Близость Владимира к катковскому кружку мало тревожила Сергея Михайловича. Легко ли самолюбивому молодому человеку, верящему в свои силы, в свою звезду, слышать за спиной шепот: «ректорский сынок». Поневоле захочется подчеркнуть не просто независимость — несогласие. Была и другая причина. Крайности, как известно, сходятся, и сына, который недавно прошел через искушение материализмом, который называл себя радикалом-метафизиком и в котором при водворении его в духовной академии в Сергиевом Посаде одни видели нигилиста, а другие — религиозного фанатика, мог заинтересовать профессор физики Любимов, человек не без дарования, но совершенный тип пресмыкающегося. Он весь был погружен в материальные интересы и ничего другого не понимал: поесть, погулять и получить побольше денег — вся цель его существования. Соловьеву-старшему он напоминал знакомого по студенческим годам Иринарха Введенского. Тот также ничего ни в политическом, ни в социальном отношении не желал, кроме денег, для немедленного удовлетворения примитивных прихотей. Сергей всегда сторонился этого «нового человека», сразу поняв, что он едва ли отличает должное от недолжного. Позднее Иринарх Введенский перебрался в Петербург, где, кажется, занимался переводами и сделался совершенным нигилистом. Таков и Любимов, только циничнее, грязнее. В том, что сын сумеет во всем разобраться, Соловьев не сомневался.

В 1876 году университет скромно (по-другому запретил министр Толстой) отметил юбилей — двадцать пять лет со времени выхода в свет первого тома «Истории России с древнейших времен». Ученому поднесли бювар, прислали приветственные адресы Петербургский университет и Академия наук. Откликнулись на событие и некоторые журналы. Общественное признание, поздравления, что и говорить, радовали. Четверть века назад все было иначе. В последние годы он получил несколько наград: орден святого Владимира второй степени, орден Белого орла, черногорский орден «За независимость Черной горы», командорский крест первого класса Вюртембергского ордена Фридриха, австрийский орден Франца-Иосифа первой степени, Большой крест шведского ордена Полярной звезды.
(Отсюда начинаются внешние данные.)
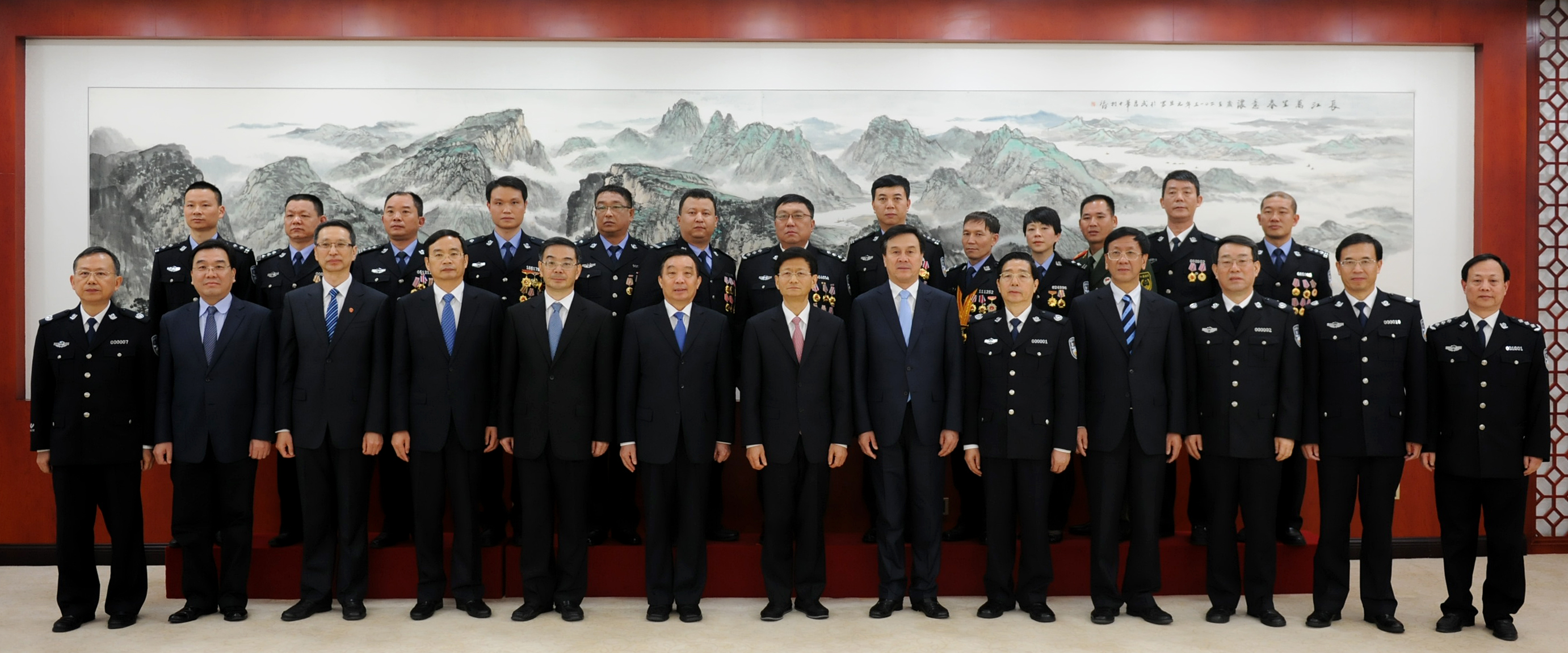 中央书记处书记、国务委员兼国务院秘书长杨晶,全国人大常委会副委员长兼秘书长王晨,最高人民法院院长周强,最高人民检察院检察长曹建明,中央政法委秘书长汪永清,湖北省委书记李鸿忠、省长王国生,中央电视台台长胡占凡参加会见。
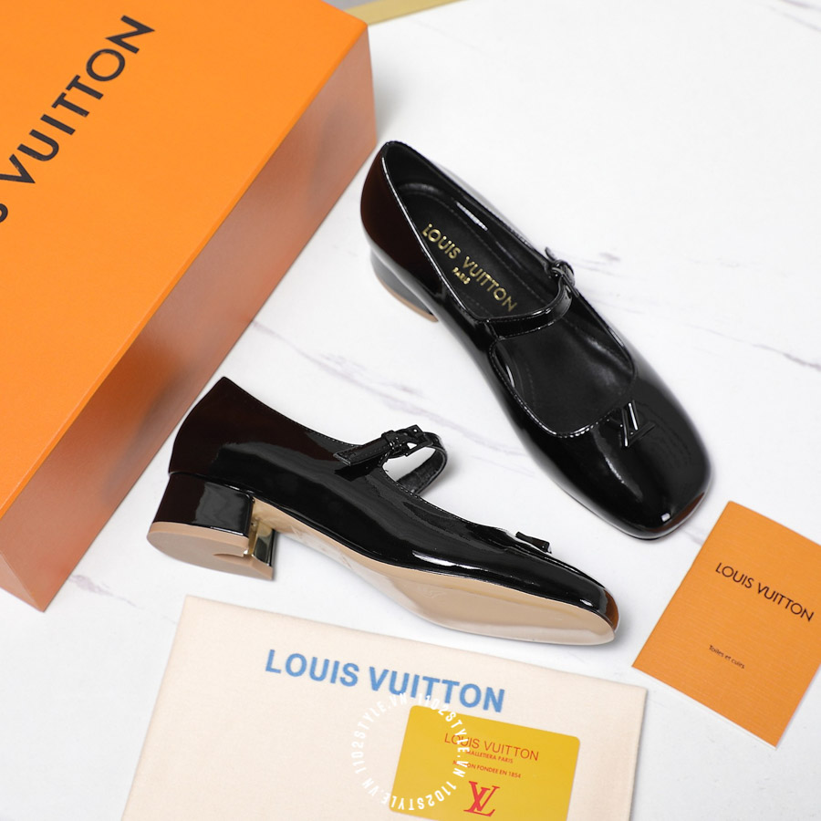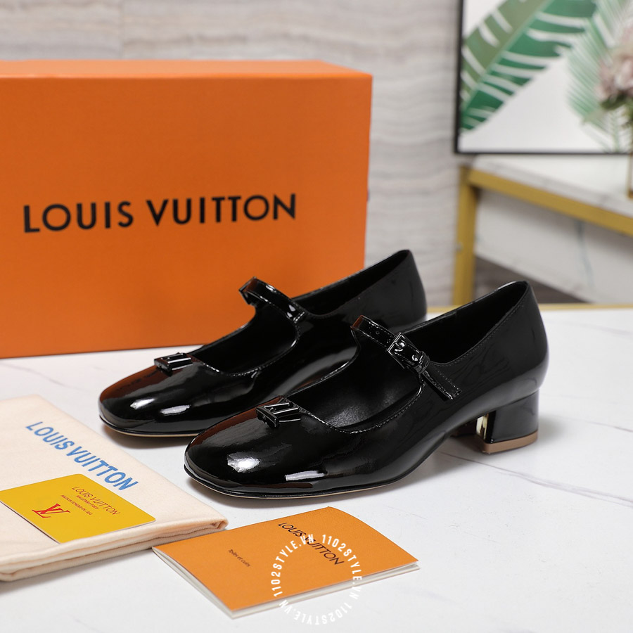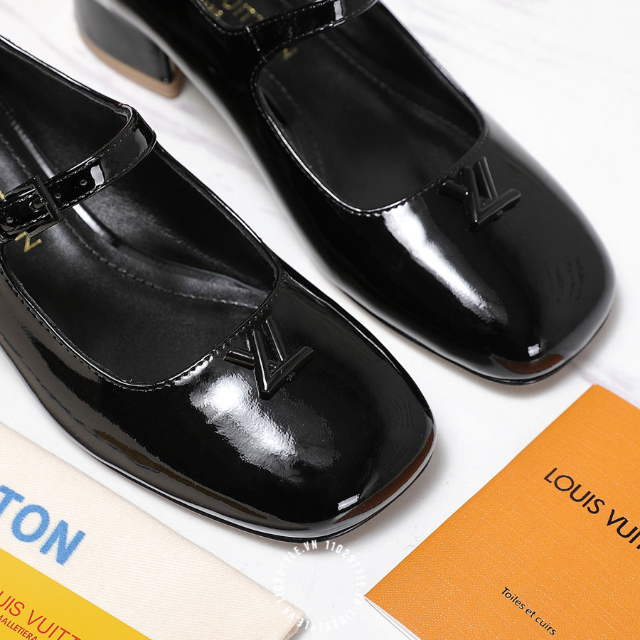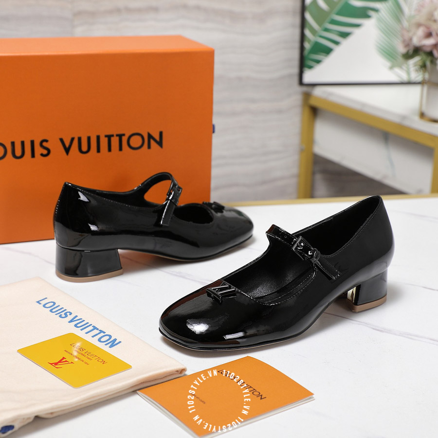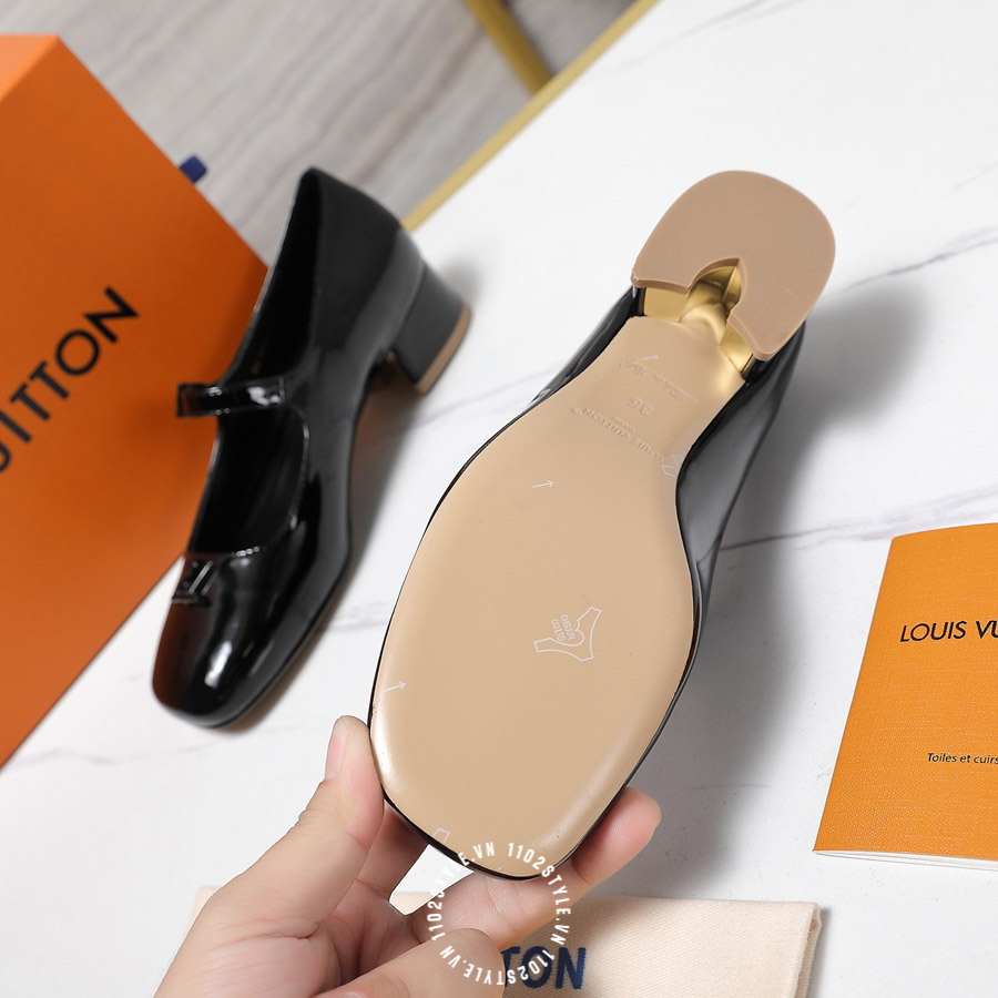 Giày cao gót LV da bóng màu đen hàng hiệu LV05T
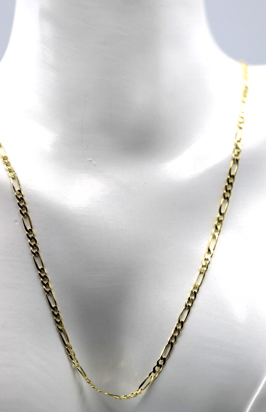 Genuine 9ct Yellow Gold Flat Diamond Cut Figaro Chain Necklace 5.6g 60cm 2.5mm
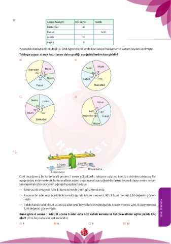 Yukarıdaki tabloda bir okuldaki 8. Sınıf öğrencilerin katıldıkları sosyal faaliyetler ve katılım sayıları verilmiştir.
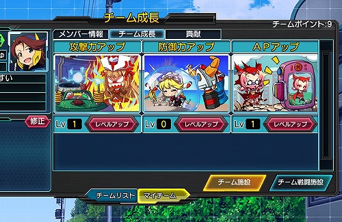 また、みんなでゲーム内通貨「お小遣い」を寄付すると「チーム」が成長し、最大加入人数が増加するほか、成長時にもらえるポイントを割り振ることで「チーム」全員が恩恵を得られるなど、嬉しい効果が盛りだくさん。ぜひお友達と一緒に「チーム」を育てて、ともに強くなろう!
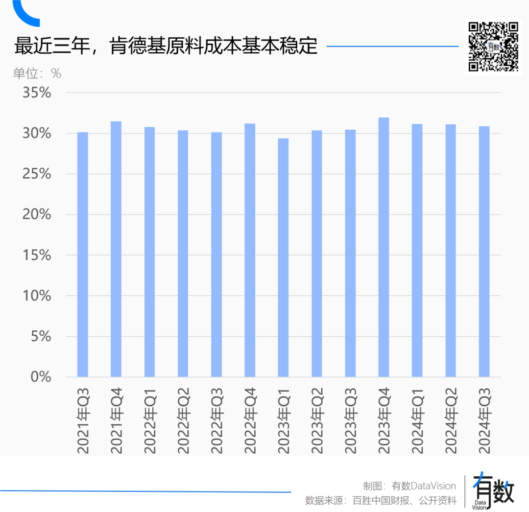 百勝的財(cái)報(bào)也反映了這一點(diǎn),肯德基的原材料成本始終保持相對(duì)穩(wěn)定,最近三年,其成本占收入比例基本都圍繞30%上下游走。
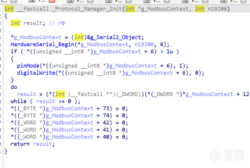 最终确定了g_Serial2_Object的对象是HardwareSerial。最终也根据AI发现该固件使用的协议栈是Modbus。
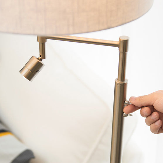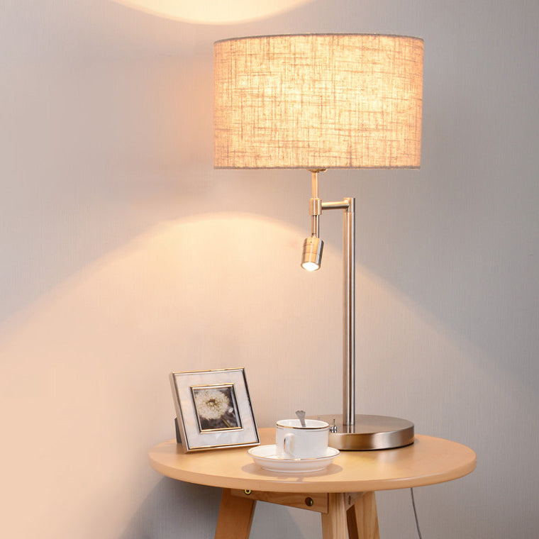 مصباح طاولة دوار بسطوع أسطواني تقليدي عتيق من القماش ذو ضوءين للمنزل والمكتب

Европейская известность.

Главное же — работа продолжалась. Казалось, что силы долго не иссякнут. В 1876 году, помимо очередного двадцать шестого тома «Истории России», он напечатал шесть статей, из них две, по восточному вопросу, очень значительные; в 1877 году появилась монография «Император Александр Первый: Политика — Дипломатия» и четыре крупных статьи, одна из которых — «Россия, Австрия и Англия во время движений 1848 и 1849 годов» — напоминала читателям о событиях совсем недавнего времени.

На склоне лет Соловьев особенно интересовался историей русской внешней политики. Его работа об императоре Александре I посвящена столкновению русского царя, «главного деятеля эпохи», с Наполеоном — «гением войны, гением революции». Богатая фактическим материалом, книга подчинена идее спасительности для России сильной и либеральной власти. Идея, ставшая для историка главной, раскрывалась здесь на примерах внешней политики, в сравнительно-историческом плане. Историческую заслугу Александра I Соловье® видел в том, что он (именно он!) сверг Наполеона и установил в Европе мир «после революционных бурь и военных погромов».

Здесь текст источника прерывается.